**Data to use:**
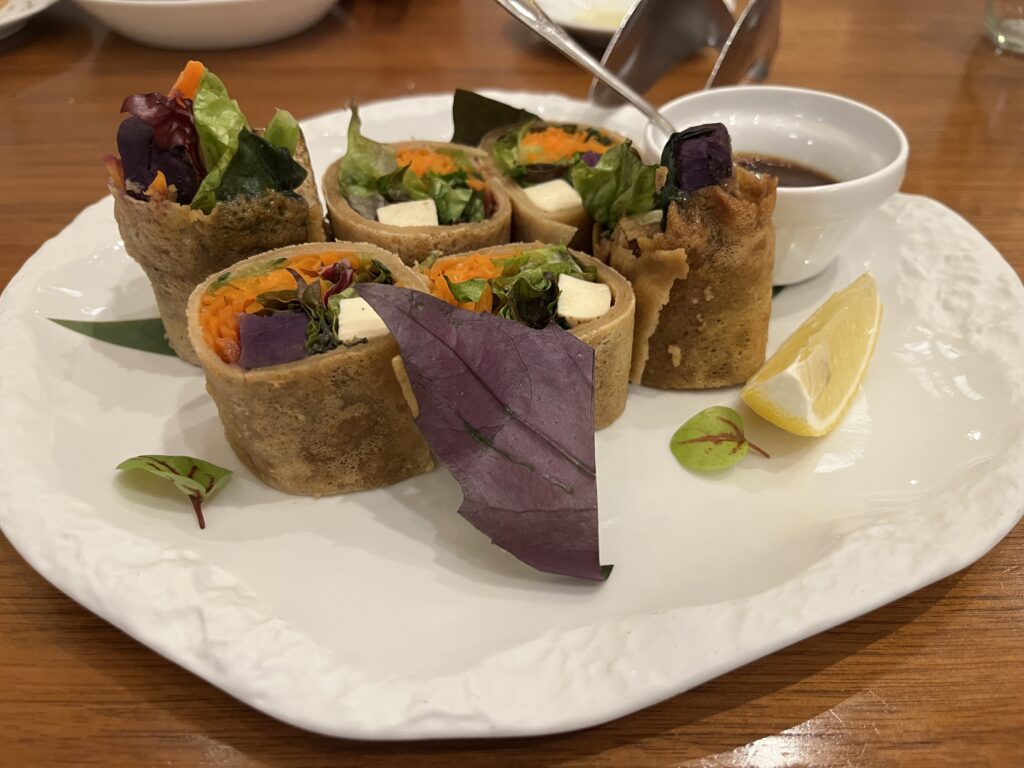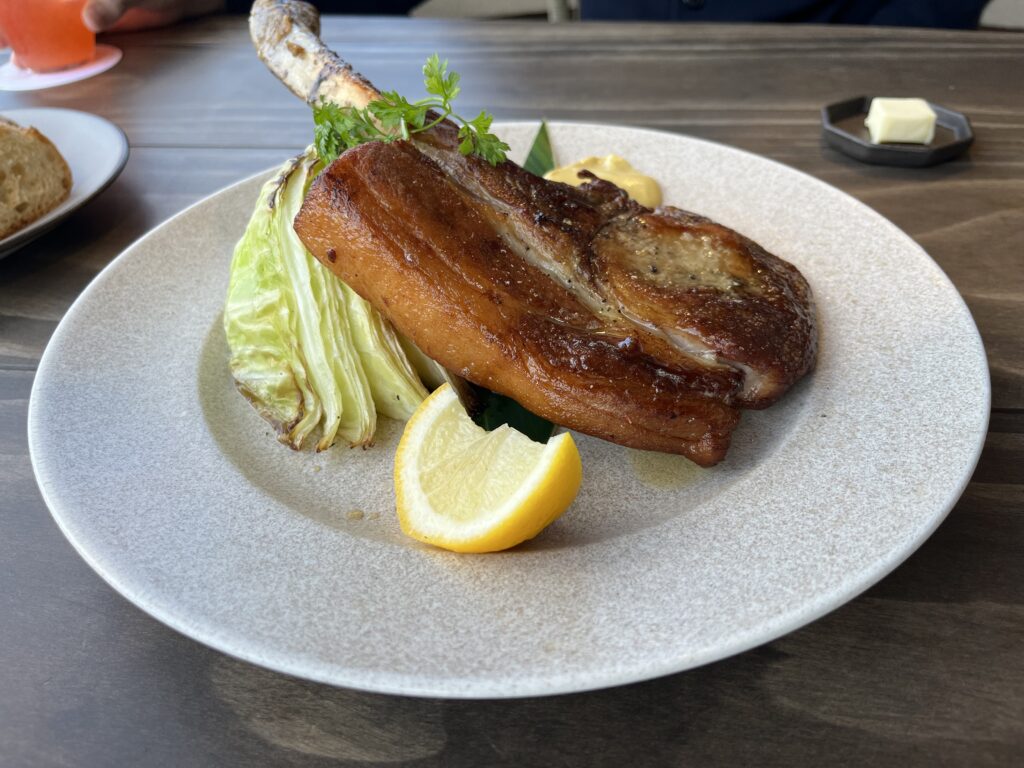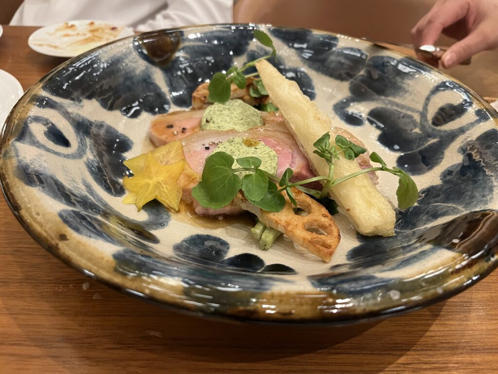 娘はキッズメニューのおうどんを、大人は海ぶどうサラダやポーポーという春巻きみたいな前菜、あぐー豚ロース肉のロティなどいただきました。
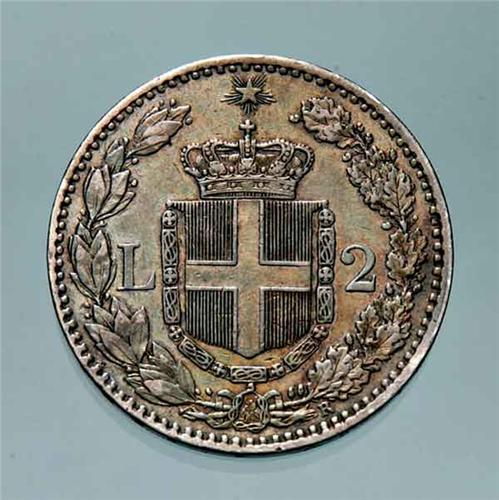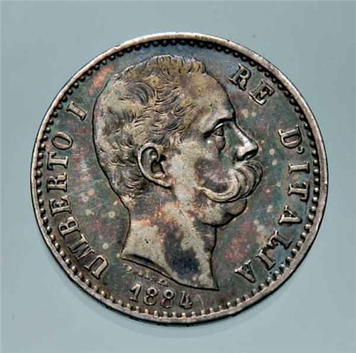 Italy - Umberto I - 2 L. 1884 - Ag - 2 Lire 1884 Zecca: Roma - Diritto: effigie del Re a destra - Rovescio: stemma di Casa Savoia coronato e circondato dal Collare dell'Annunziata entro due rami di alloro e di quercia intrecciati alla base - Patina di medagliere
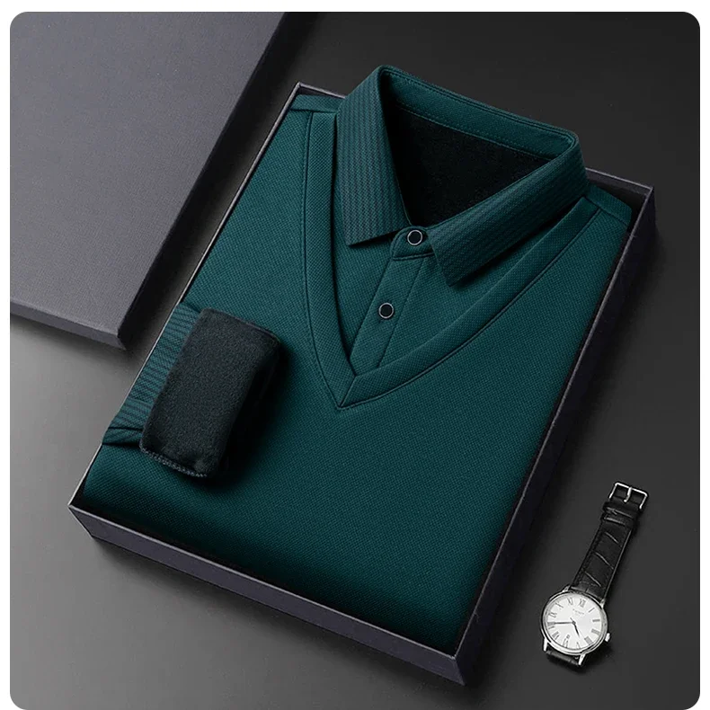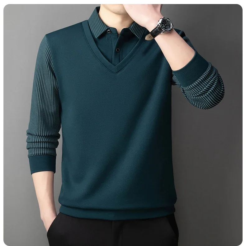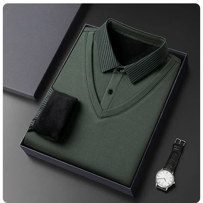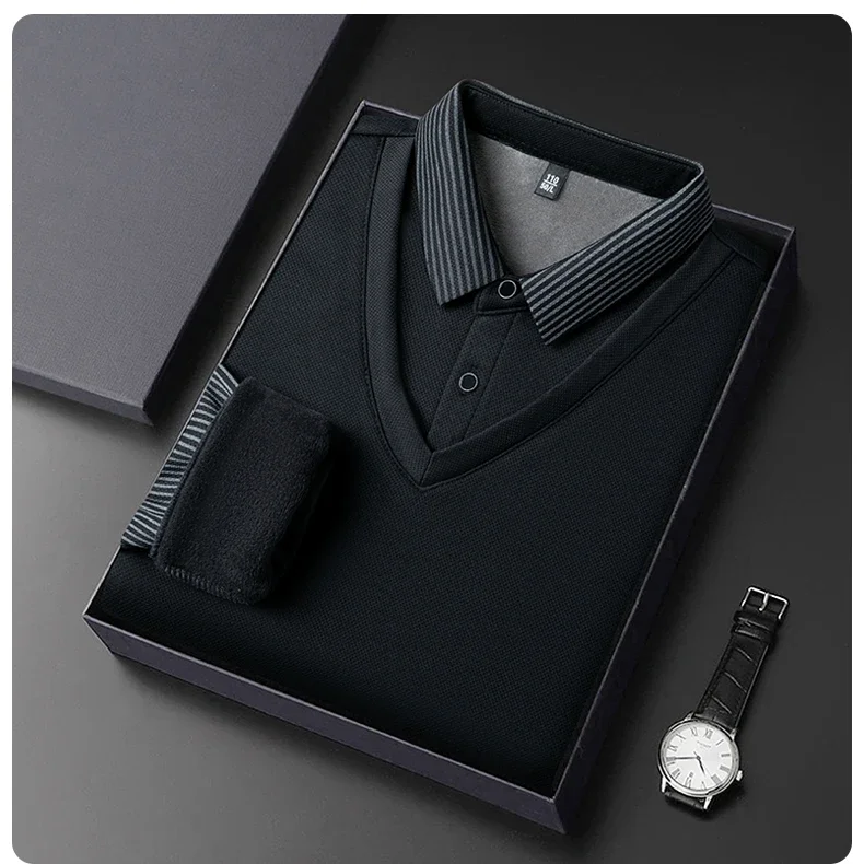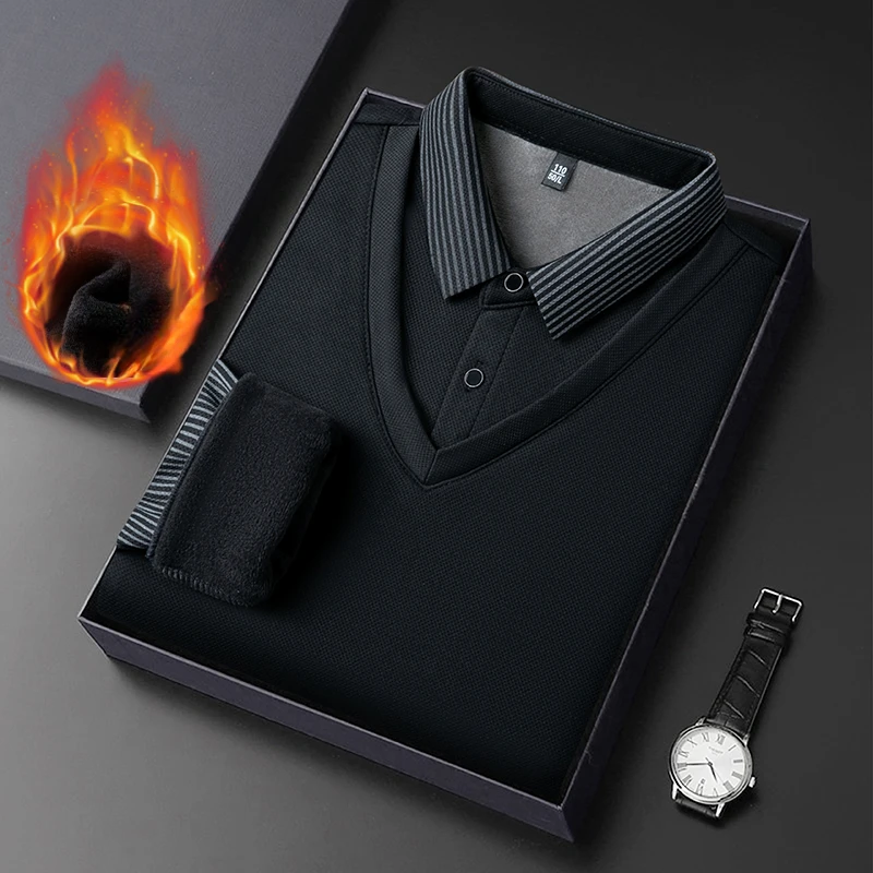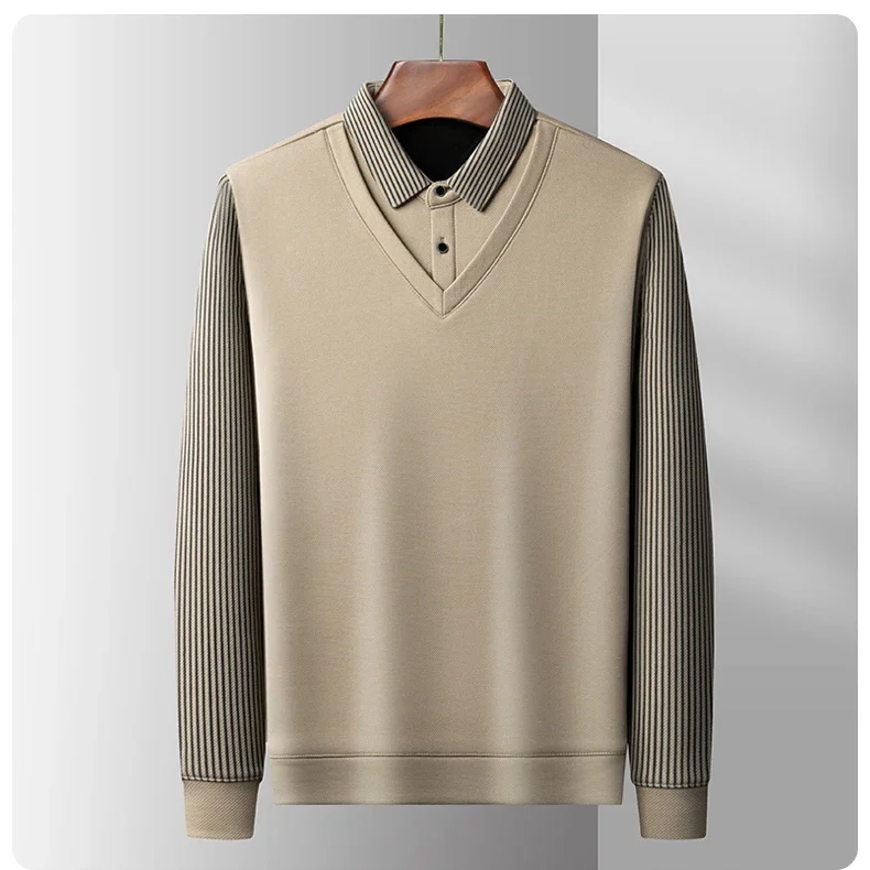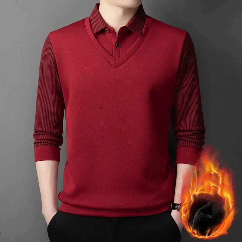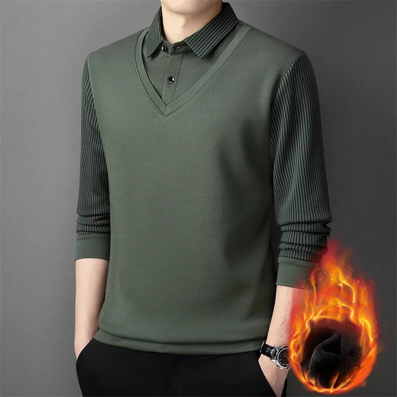 Long Sleeve T-shirt Shirts Winter Fleece Male Lapel Fake Two-piece Striped Regular Fit Thick Plush Warm Knitted Pullover Men Top
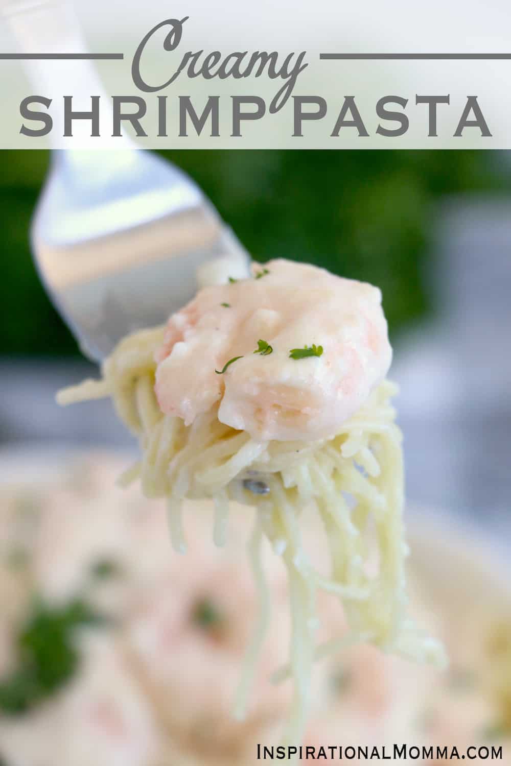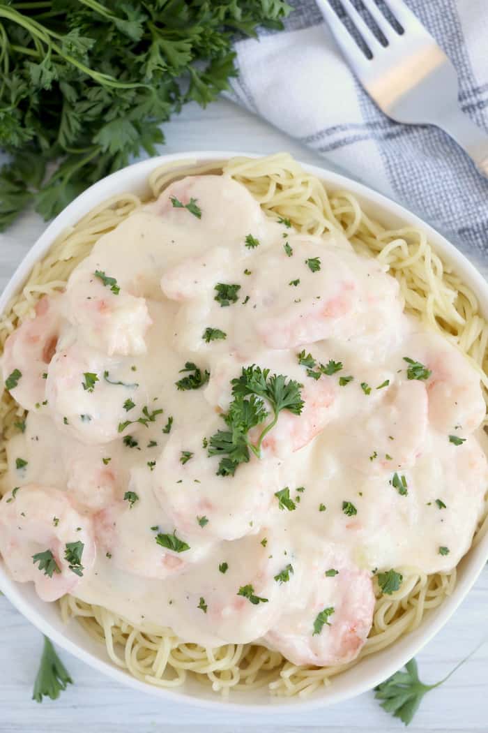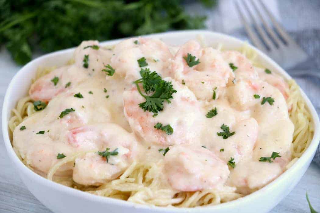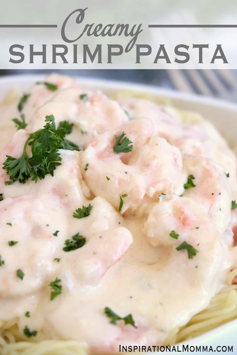 This Creamy Shrimp Pasta recipe is perfect for an easy weeknight dinner. Tender shrimp and angel hair pasta smothered in homemade Alfredo sauce.
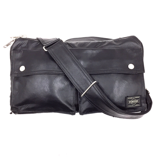 | 吉田カバン ポーター 斜め掛け ショルダーバッグ 黒 ブラック メンズ シルバーカラー金具 PORTER |
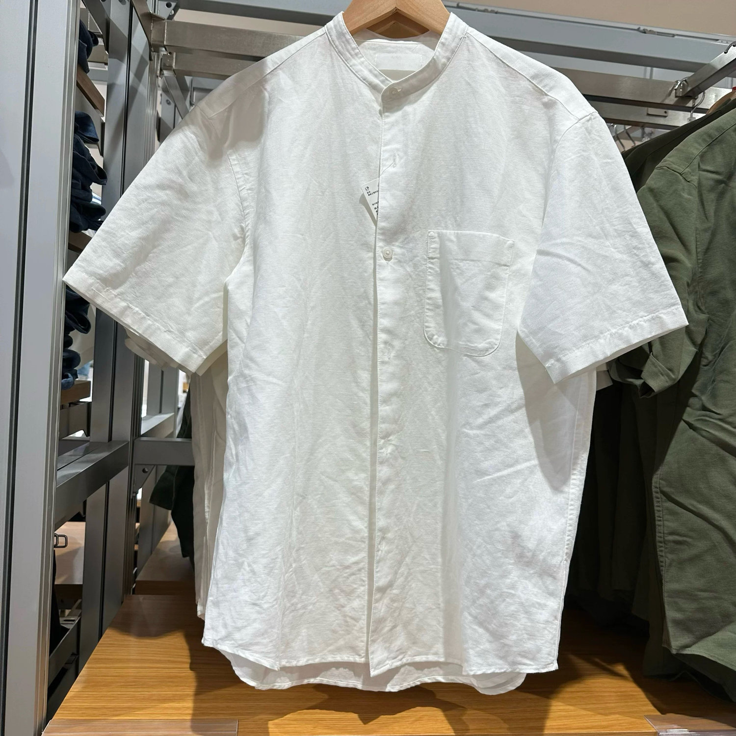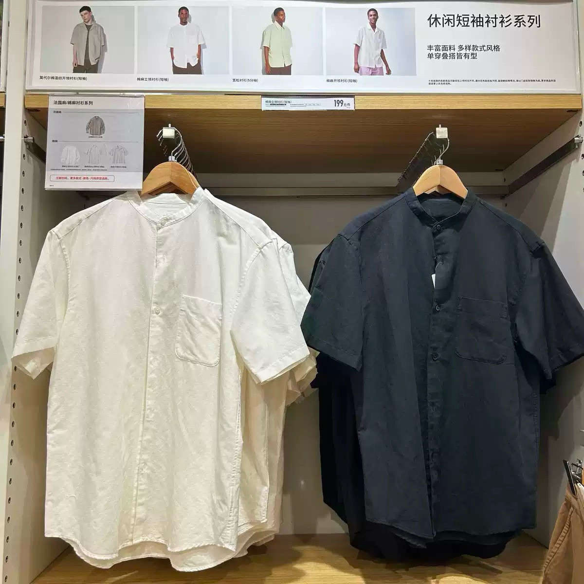 일본 싱글 남녀 2025 여름면과 린넨 수직 칼라 셔츠 반팔 리넨 캐주얼 루즈 셔츠 474528스토어 가기

**Task details:** All pictures are to be skipped; the lines from the first line of the records through the line containing "Italy - Umberto" are to be repeated exactly, both ends included.

**Written reply:**
 娘はキッズメニューのおうどんを、大人は海ぶどうサラダやポーポーという春巻きみたいな前菜、あぐー豚ロース肉のロティなどいただきました。
 Italy - Umberto I - 2 L. 1884 - Ag - 2 Lire 1884 Zecca: Roma - Diritto: effigie del Re a destra - Rovescio: stemma di Casa Savoia coronato e circondato dal Collare dell'Annunziata entro due rami di alloro e di quercia intrecciati alla base - Patina di medagliere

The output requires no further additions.